Start of Block

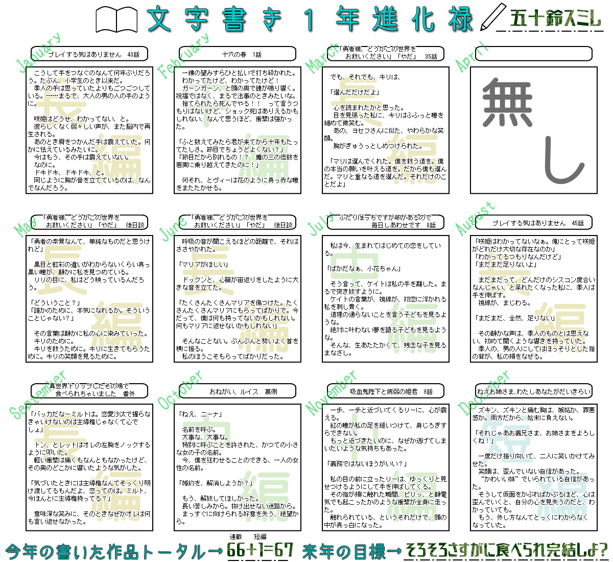 なろうさんのほうで、憧れだった企画も開催することができ、とても楽しかったと同時に学ぶことも多かったです。ご参加くださったみなさま本当にありがとうございました!
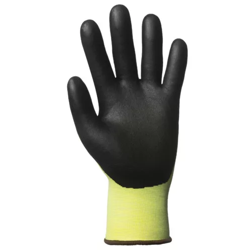 18-as kötésű, varrás nélküli, fluo sárga színű, vágásbiztos HPPE + nylon + elasztán védőkesztyű, Tenyerén fekete szellőző mikrohabosított nitril mártásKötött mandzsetta
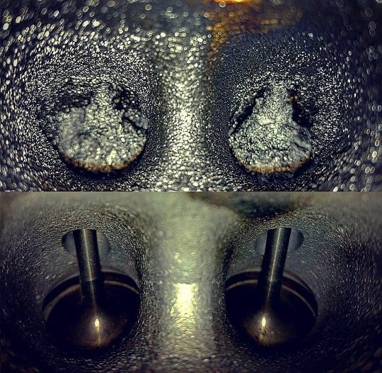 Engine damage is not always directly the result of contamination. When we discover extreme contamination of the intake valves, this has led to complaints such as reduced power, an illuminated engine management light with a negative fuel trim appearing during readout, but it has not directly caused lasting damage. A professional cleaning (carbon / wallnut blasting) can make the complaints disappear. If, nevertheless, one continues driving with the extremely contaminated valves, damage can eventually occur because the valves can no longer seal properly on the valve seats in the cylinder head.
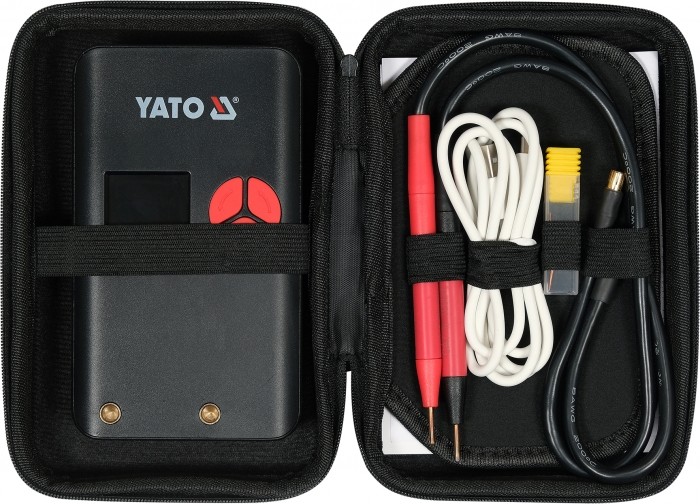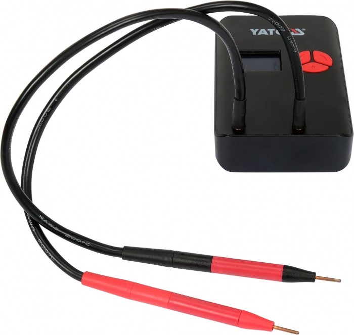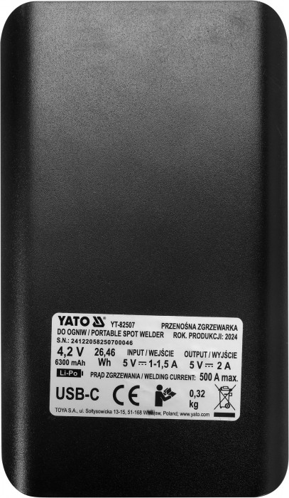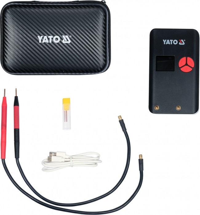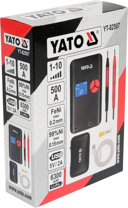Urządzenie daje maksymalny prąd zgrzewania na poziomie ~500 A. Jest to średnia realna wartość natężenia prądu mierzona w okresie 100 ms. Niektórzy producenci zamiast realnego prądu zgrzewania podają parametry prądowe mosfetów lub wartość prądu szczytowego. Z punktu widzenia danych technicznych jest to prawda, jednak w praktyce uzyskanie prawidłowego zgrzewu przy użyciu taśmy niklowanej o grubości 0,15 mm często staje się niemożliwe. Przenośna zgrzewarka punktowa YATO umożliwia wykonanie prawidłowych zgrzewów przy uzyciu taśm niklowanych o szerokości 8 mm i grubości 0,20 mm oraz taśm niklowych o szerokości 8 mm i grubości 0,15 mm.

End of Block

Please return the full listing word for word, but without any pictures.

 なろうさんのほうで、憧れだった企画も開催することができ、とても楽しかったと同時に学ぶことも多かったです。ご参加くださったみなさま本当にありがとうございました!
 18-as kötésű, varrás nélküli, fluo sárga színű, vágásbiztos HPPE + nylon + elasztán védőkesztyű, Tenyerén fekete szellőző mikrohabosított nitril mártásKötött mandzsetta
 Engine damage is not always directly the result of contamination. When we discover extreme contamination of the intake valves, this has led to complaints such as reduced power, an illuminated engine management light with a negative fuel trim appearing during readout, but it has not directly caused lasting damage. A professional cleaning (carbon / wallnut blasting) can make the complaints disappear. If, nevertheless, one continues driving with the extremely contaminated valves, damage can eventually occur because the valves can no longer seal properly on the valve seats in the cylinder head.
Urządzenie daje maksymalny prąd zgrzewania na poziomie ~500 A. Jest to średnia realna wartość natężenia prądu mierzona w okresie 100 ms. Niektórzy producenci zamiast realnego prądu zgrzewania podają parametry prądowe mosfetów lub wartość prądu szczytowego. Z punktu widzenia danych technicznych jest to prawda, jednak w praktyce uzyskanie prawidłowego zgrzewu przy użyciu taśmy niklowanej o grubości 0,15 mm często staje się niemożliwe. Przenośna zgrzewarka punktowa YATO umożliwia wykonanie prawidłowych zgrzewów przy uzyciu taśm niklowanych o szerokości 8 mm i grubości 0,20 mm oraz taśm niklowych o szerokości 8 mm i grubości 0,15 mm.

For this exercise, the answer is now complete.